Extracellular Vesicles MSCs Mesenchymal Stem Cells

1. Introduction

During the studies of the last two decades it has become clear that all cells of the various organs, and their extracellular vesicles (EVs), do not share the same states and functions. In all animal organs including man the tissues, abundant of common cells, include also small, specialized areas called stromas. In addition to some common cells, the stromas include cells of a special family, the mesenchymal stem cells (MSCs), characterized by peculiar properties, essential for the development of the organs and for the acquisition of their structure and critical functions.  The study of MSCs and EVs has revealed their extraordinary role in the therapy of many diseases. Moreover in cancers, considered some sort of pathological organs, stem cells are present in areas similar to stromas where they exhibit unique properties, essential for their existence and aggressive activities. Recent reviews, appeared in Biomedicines [1] and other Journals, have reported about the distinct mechanisms and effects induced by stem cells from normal organs and cancers. Important aspects of these processes are summarized in the present article.

2. Mesenchymal Stem Cells

Discovery of the stroma cells, started a few decades ago, was pursued in the following years, with identification of the peculiar MSC properties, including continuous self-replication and multidirectional differentiation. MSCs from different organs share many properties, however they are never identical. From the functional points of view, commonalities are frequent, heterogeneities rare but relevant. Distinctions of diseases include manipulations of immunological processes and attenuations of inflammatory processes. These and many other properties, initially considered as simple curiosities, with time started to stimulate interest, initially because of their apparent functional similarity to recombinant proteins involved in bone and cartilage healing [2].
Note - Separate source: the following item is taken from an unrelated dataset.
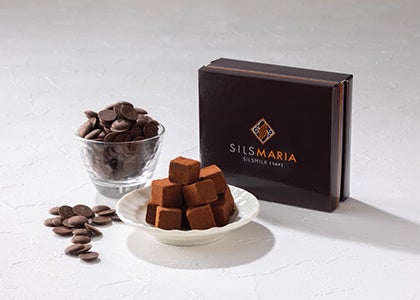 生チョコレート発祥のシルスマリア。3種類の芳醇なミルクチョコレートとクリームから作られ、滑らかに溶けていく何処にもまねのできない定番生チョコレートです。
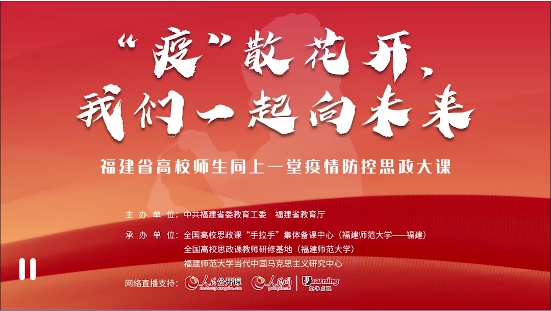 此次直播以“‘疫’散花開,我們一起向未來”為主題,邀請到了來自福建省各高校的五位教授,五位教授緊密結(jié)合高校思想政治理論課,講述我省抗疫一線的感人故事,解讀黨中央關于疫情防控的決策部署,教育引導廣大師生深刻認識中國特色社會主義制度的顯著優(yōu)勢,牢記“兩個確立”、增強“四個意識”、堅定“四個自信”、做到“兩個維護”。

Shortly thereafter, additional results were obtained concerning local processes, such as self-renewal and repair of organs, followed by protective effects over diseases of lung, heart, kidney, brain, and many other organs [3][4][5]. Such effects were thought to start by paracrine fusions of MSCs to their specific target cells, locally reinforced by release of soluble and bioactive factors, such as cytokines and growth factors [6][7]. The identification, around 2010, of another potentially important process, secretion of EVs, suggested their possible participation in the effects of their parental cells, confirmed by results of experiments in which cells and vesicles were administered together [8][9].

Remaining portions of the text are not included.